25th Nov 2021 10 minutes read

An Introduction to Combinatoric Iterators in Python

python

Combinatoric iterators are tools that provide building blocks to make code more efficient. This introduction shows you some of the most useful ones in Python.

Counting Things

In this article, I would like to provide a brief introduction to combinatoric iterators in Python.

Combinatorics in the mathematical sense is about counting things. It can help us count the number of permutations of something (how many possible arrangements of a deck of cards) or the number of combinations (how many unique arrangements of different colored balls).
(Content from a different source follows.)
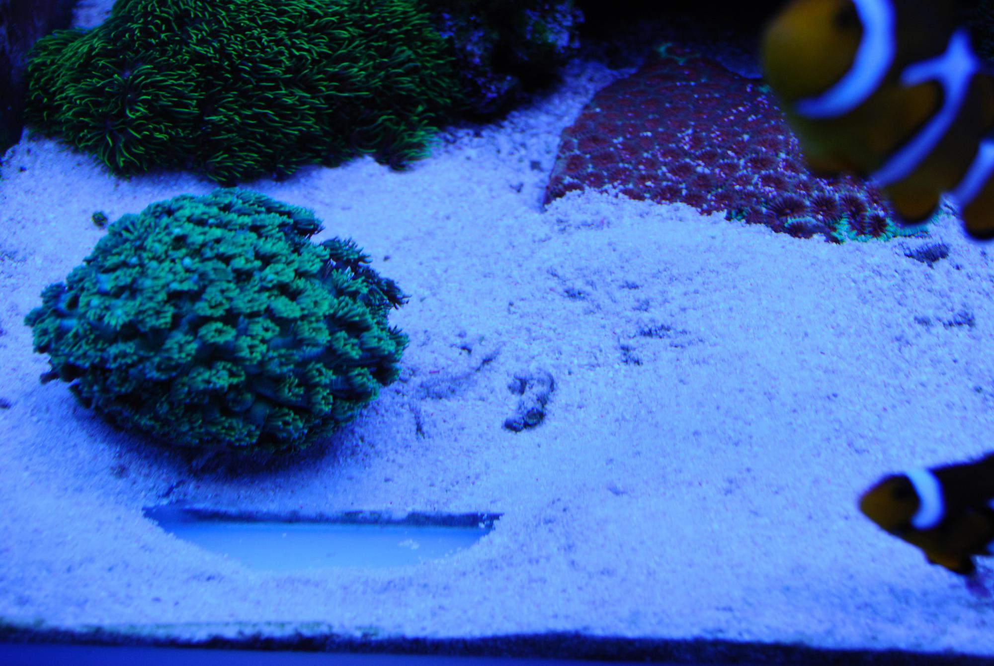 у меня так это происходит-у меня есть гониопора в которую они иногда ложаться,естественно она закрывается сразу.и когда она закрывается,они начинают ложиться в песок рядом с ней при этом активно дергаясь.сейчас сниму результат их работы.еще рядом фавию часто засыпают

For this to work, we need a collection of objects to act on – something to iterate through.

In Python, iterable objects, more commonly referred to as iterables, are groups of data. Some common iterables you may be familiar with are lists, tuples, sets, and arrays, which you can iterate through using a for loop. These iterables are commonly filled with integer values, floats, or strings. A string itself is an iterable since you can loop through all the characters in it. A related concept is an iterator, which is an object that returns the next element of an iterable.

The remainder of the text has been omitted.